In other words, even with the conversion overhead, the simpler scalar path was still faster than the float version with vector folding. The compiler likely chose the conservative scalar path here, avoiding vectorization.
(3) How to Improve Naive L2sq for Better Compiler Vectorization?
The reason for horizontal folding is likely that the compiler strictly follows IEEE 754 semantics, preserving the exact order of floating-point additions. This prevents the compiler from reordering additions into vectorized accumulations.

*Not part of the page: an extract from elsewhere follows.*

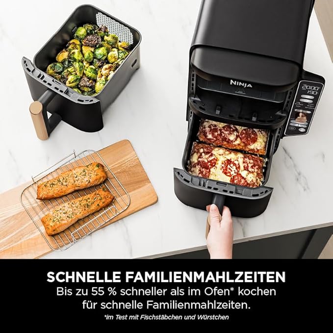 • 6 функции за готвене: Max Crisp, пържене с горещ въздух, печене, печене, претопляне, дехидратиране. До 75% по-малко мазнини* с функцията за пържене с горещ въздух (*Тествано в сравнение с пържени, ръчно нарязани картофи). Функции SYNC & MATCH в 2 чекмеджета
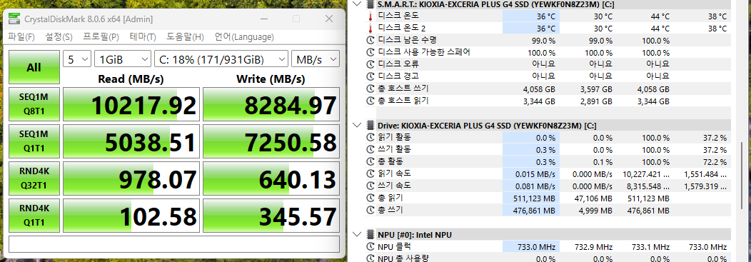키오시아 EXCERIA PLUS G4 M.2 NVMe 1TB 제품을 대상으로 크리스탈디스크마크로 실행한 결과입니다.

To relax this, we can explicitly allow reassociation:
static inline double l2sq_naive_f32(const float* a, const float* b, size_t n) {
float acc = 0.f;
#pragma omp simd reduction(+:acc)
for (size_t i = 0; i < n; ++i) {
float d = a[i] - b[i];
acc += d * d;
}
return (double)acc;
}
And compile with -fopenmp-simd
to enable this directive.
Running again shows a significant improvement: compiler auto-vectorization now achieves performance close to manual SIMD implementations. Using -ffast-math
also works.
3. Summary
- SIMD significantly improves distance computation performance.
- Hand-written SIMD implementations perform best.

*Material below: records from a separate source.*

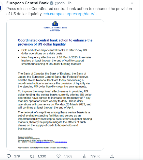 أعلن كل من بنك كندا، وبنك إنجلترا، وبنك اليابان، والبنك المركزي الأوروبي، والاحتياطي الفيدرالي الأمريكي، والبنك الوطني السويسري مساء اليوم عن إجراء منسق لتعزيز توفير السيولة عبر خطوط المبادلة بالدولار الأمريكي بين البنوك ويبدأ التفعيل اعتبارًا من يوم غدٍ ويستمر حتى نهاية شهر أبريل.
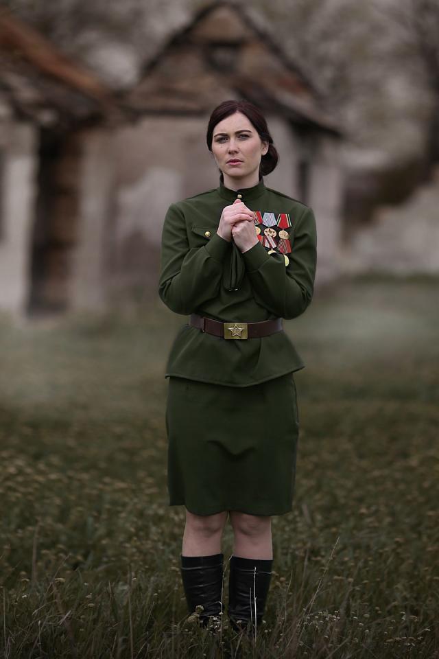 Wallpaper A girl in a tunic with military awards for May 9, retro
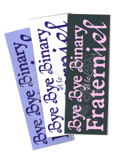Bye Bye Binary, est une collective franco-Belge qui explore de nouvelles formes graphiques et typographiques adaptées à la langue française, notamment la création de glyphes (lettres, ligatures, points médians, éléments de liaison ou de symbiose) prenant pour point de départ, terrain d’expérimentation et sujet de recherche le langage et l’écriture inclusive et non-binaire.

- For naive implementations, allowing reassociation (via
#pragma omp simd reduction(+:acc)
or appropriate subsets of-ffast-math
) is the key to approaching hand-written SIMD performance. Under strict IEEE semantics, the compiler conservatively generates per-iteration folding, which creates slow paths where AVX-512 does not necessarily have an advantage.